Cette redéfinition nous prouve que le système de propriété mutuelle ne doit en aucun cas nier la part de l’usage direct du travail par tous les membres de la société. Il ne doit pas faire comme si ce travail n’apportait aucune valeur sous prétexte qu’il ne rentrerait dans aucune case. Cette vision doit nous mener logiquement vers le point suivant : doit-on considérer comme travailleuses uniquement les personnes qui mobilisent une des formes de propriété mutuelle ? Non évidemment, et ce raisonnement doit nous pousser vers l’idée de l’inclusion. Tous unis, tous frères ne doit plus être seulement le principe des dimanches catholiques, mais doit s’incarner dans un mode de production concret et macroéconomique.

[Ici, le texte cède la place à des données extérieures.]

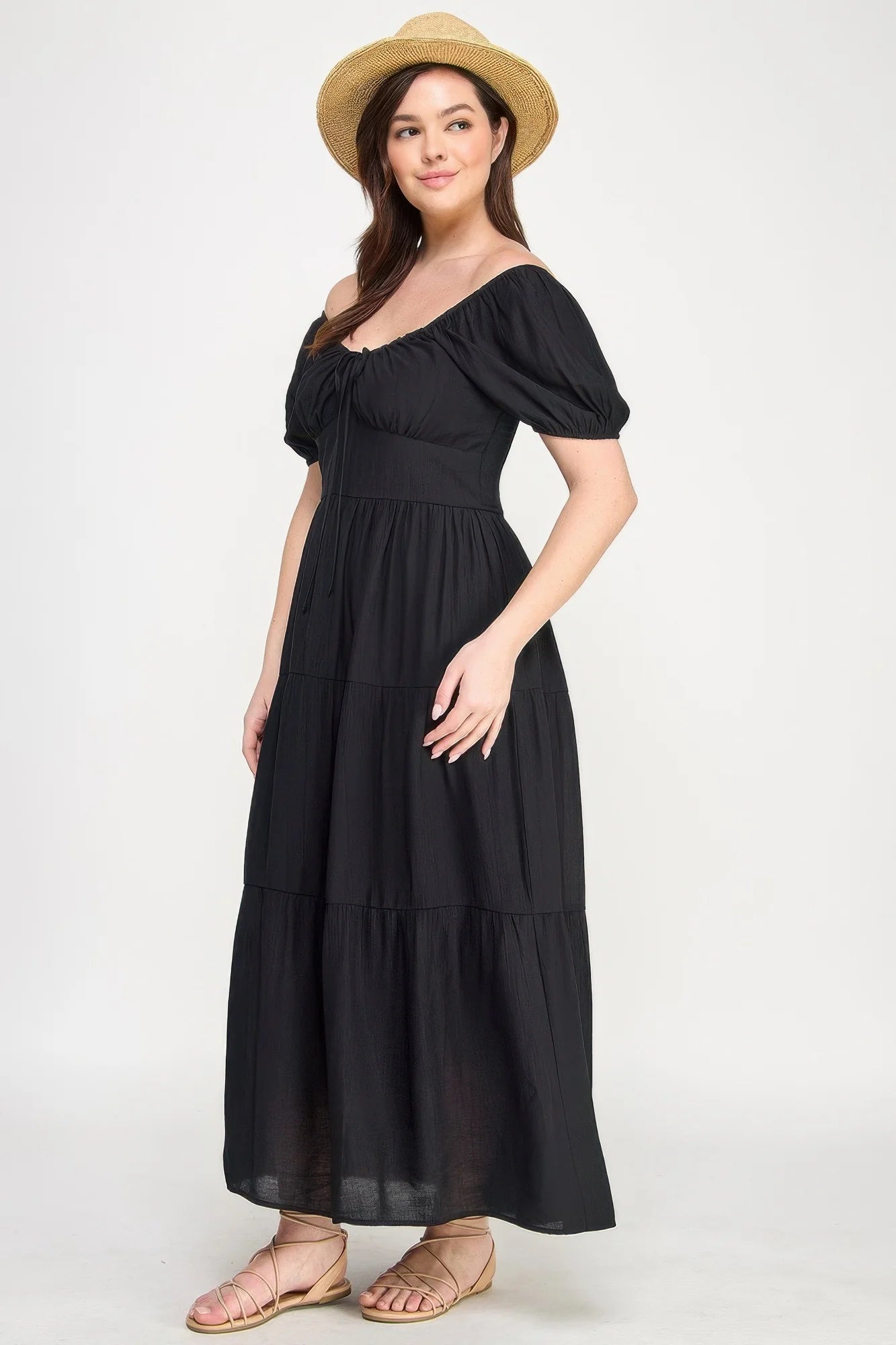 Add the Front Tie Puff Sleeve Tiered Maxi Dress in Black to your collection today for the perfect combination of playful style and all-day comfort!
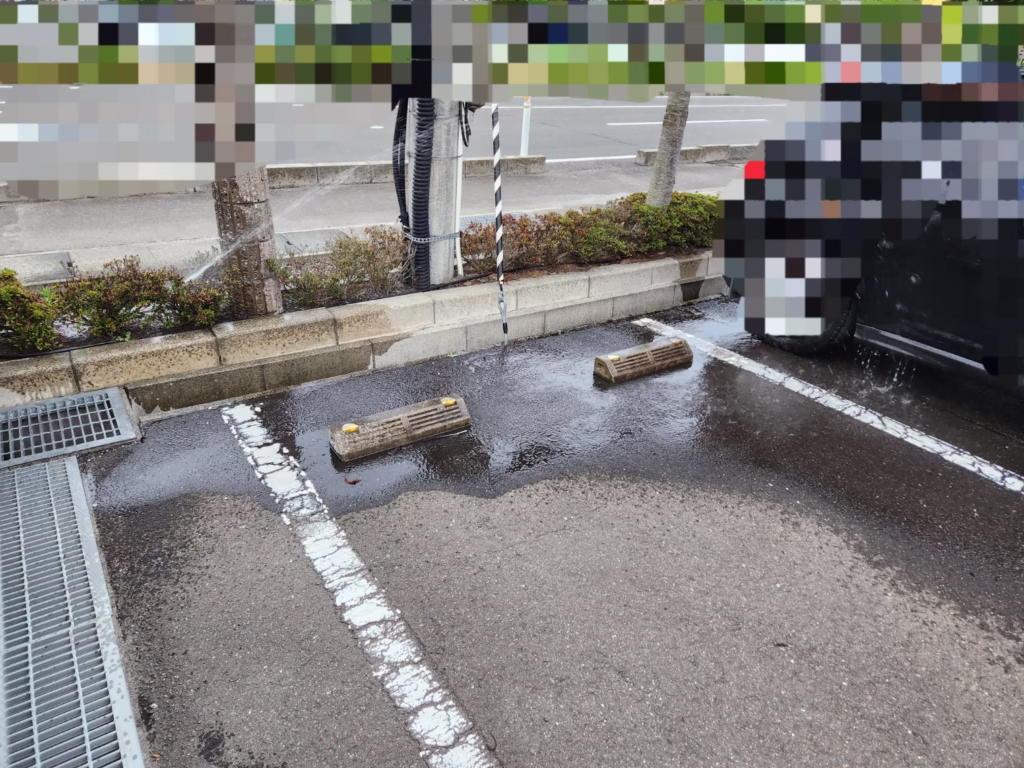 謎に花壇から噴き出す水。。しかも運転席にもあたってますがな。
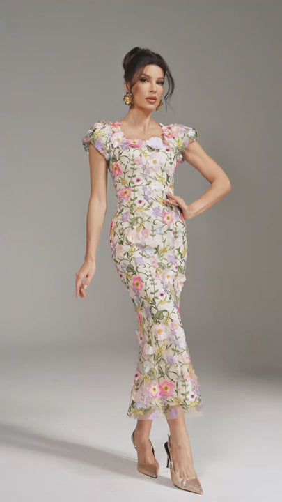 Elevate your style with the Zolthar Embroidered Flower Midi Dress, where delicate floral embroidery meets graceful midi length. Crafted to highlight your femininity, this dress offers a perfect blend of elegance and comfort, making it ideal for both special occasions and everyday wear. Embrace a look that captivates with every step while enjoying a flattering fit designed to enhance your silhouette. Make a memorable impression effortlessly in this charming, timeless piece.
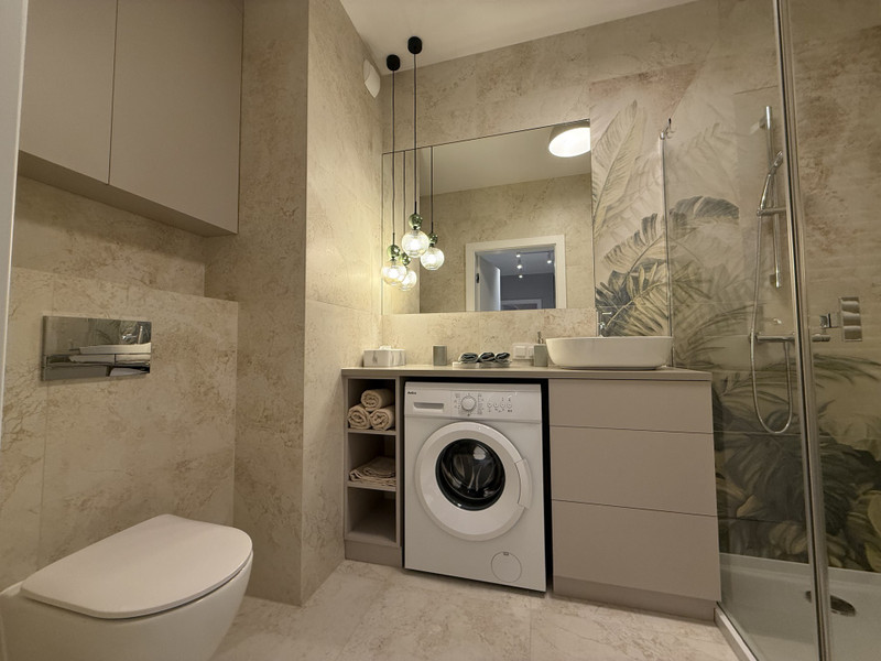 Ponadto do dyspozycji najemcy jest nowa łazienka (toaleta, pralka, prysznic), a także w pełni wyposażona kuchnia i garderoba w korytarzu. Istnieje możliwość parkowania samochodu na terenie osiedla. Dostępne są także bezpieczne miejsca dla rowerów zarówno przed budynkiem jak i w hali garażowej.
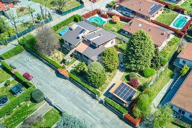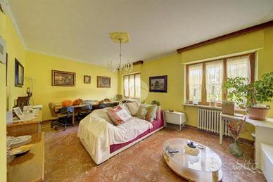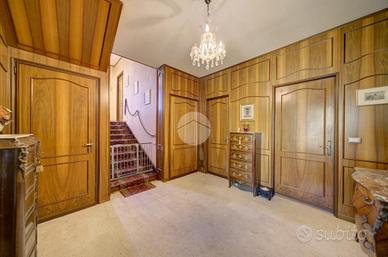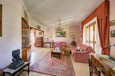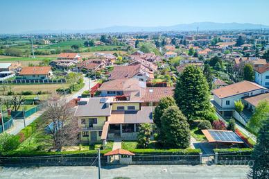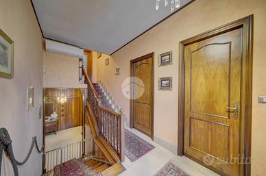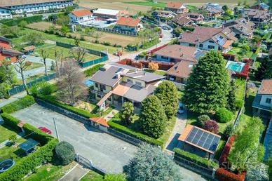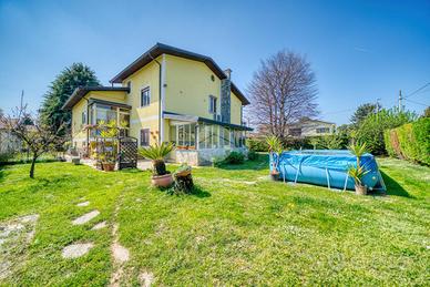 Tra le più belle e ricercate località di Rivoli, in posizione residenziale, proponiamo in vendita una villa unifamiliare o pluri familiare. La villa è disposta su tre livelli, oltre al piano seminterrato, per un totale di circa 354 mq. abitativi e 150 mq circa di locali accessori. Spazi ampi e versatili, ideali per ogni esigenza familiare. Circondata da alberi di alto fusto e da frutta, il lotto della villa misura 1.500 mq circa, l'accesso pedonale avviene tramite vialetto in pietra, mentre l'ingresso carrabile tramite cancello elettrico e stradina interna, offrendo sicurezza e praticità. Nel 2023 è stata realizzata una tettoia in legno lamellare ad uso ricovero auto, dove vi è un impianto fotovoltaico da 6 kw e batterie di accumulo di 10 kw, che agiscono sul fabbisogno totale della villa, presente anche una wallbox per auto elettrica. Cisterna di recupero acque piovane, cisterna di accumulo acqua potabile collegata con l'autoclave per garantire sempre acqua in casa. Uno spazioso atrio con boiserie in legno e angolo guardaroba, agisce come nucleo centrale della villa, dividendo e collegando le diverse zone ed i piani della casa. Al piano terreno, troviamo un salone, la sala da pranzo, la cucina abitabile con camino ed un bagno con vasca. Dal salone si accede al porticato esterno coperto ottimo per pranzi e cene all'aperto, mentre dalla cucina si accede al giardino. Salendo al primo piano, collegato da un'elegante scala interna in legno, dove sono presenti quattro camere da letto matrimoniali e altri due bagni, uno dei quali recentemente ristrutturato con termoarredo, box doccia doppio e soffitto ribassato con faretti. Parquet e ampie vetrate caratterizzano le camere. Dal piano terreno vi è la possiibilita di ricavare una seconda unità immobiliare indipendente, con accesso dal giardino, così da creare due nuclei familiari. Un'oasi di relax per vivere la casa in simbiosi con il verde. A completare gli ambienti nel piano seminterrato sempre collegato da scala inter.

Car l’inclusion revient précisément à ne pas exclure. Cette porte ouverte enfoncée, nous pouvons entrevoir les conséquences qu’elle masquait. Toute personne majeure doit pouvoir vivre de son travail, et nous venons de voir ce qu’était le travail, et combien personne n’y est étranger. Toute personne majeure doit être perçue dans la société comme créatrice de valeur. Or, la création de valeur, bien qu’elle puisse échapper aux comptabilités des PUM, doit mener à une rémunération et n’épargne pas son travailleur de devoir subvenir à sa reproduction matérielle. La consommation de l’usage appelle, comme tout travail, à l’achat de matières premières, de biens de consommation, qui eux, proviennent des valeurs échangeables produites par les PUM. Dans ce cas, le travailleur hors PUM doit régler le coût d’usage des biens ou services qu’il achète. C’est là, précisément, que la monnaie marquée possède un rôle à jouer. Doter chaque travailleur d’une somme dépensable auprès de professionnels conventionnés, y compris lorsqu’il ne fait partie d’aucune PUM, doue ce travailleur d’un pouvoir d’agir à la fois sur sa propre production, et sur les productions conventionnées. Les mauvaises langues diront que s’il ne fait partie d’aucune PUM, alors il coûte de l’argent à la société, mais ce serait mécomprendre les paragraphes que je viens de développer. Considérer toute personne en âge de travailler comme un travailleur ne peut appauvrir la société. La monnaie marquée dépensée fera vivre le producteur conventionné, et permettra au producteur hors PUM d’apporter une part de travail non mesurée mais à coup sûr utile qu’il ne pourrait réaliser sans ce système. Car la valeur travail concerne tout le monde.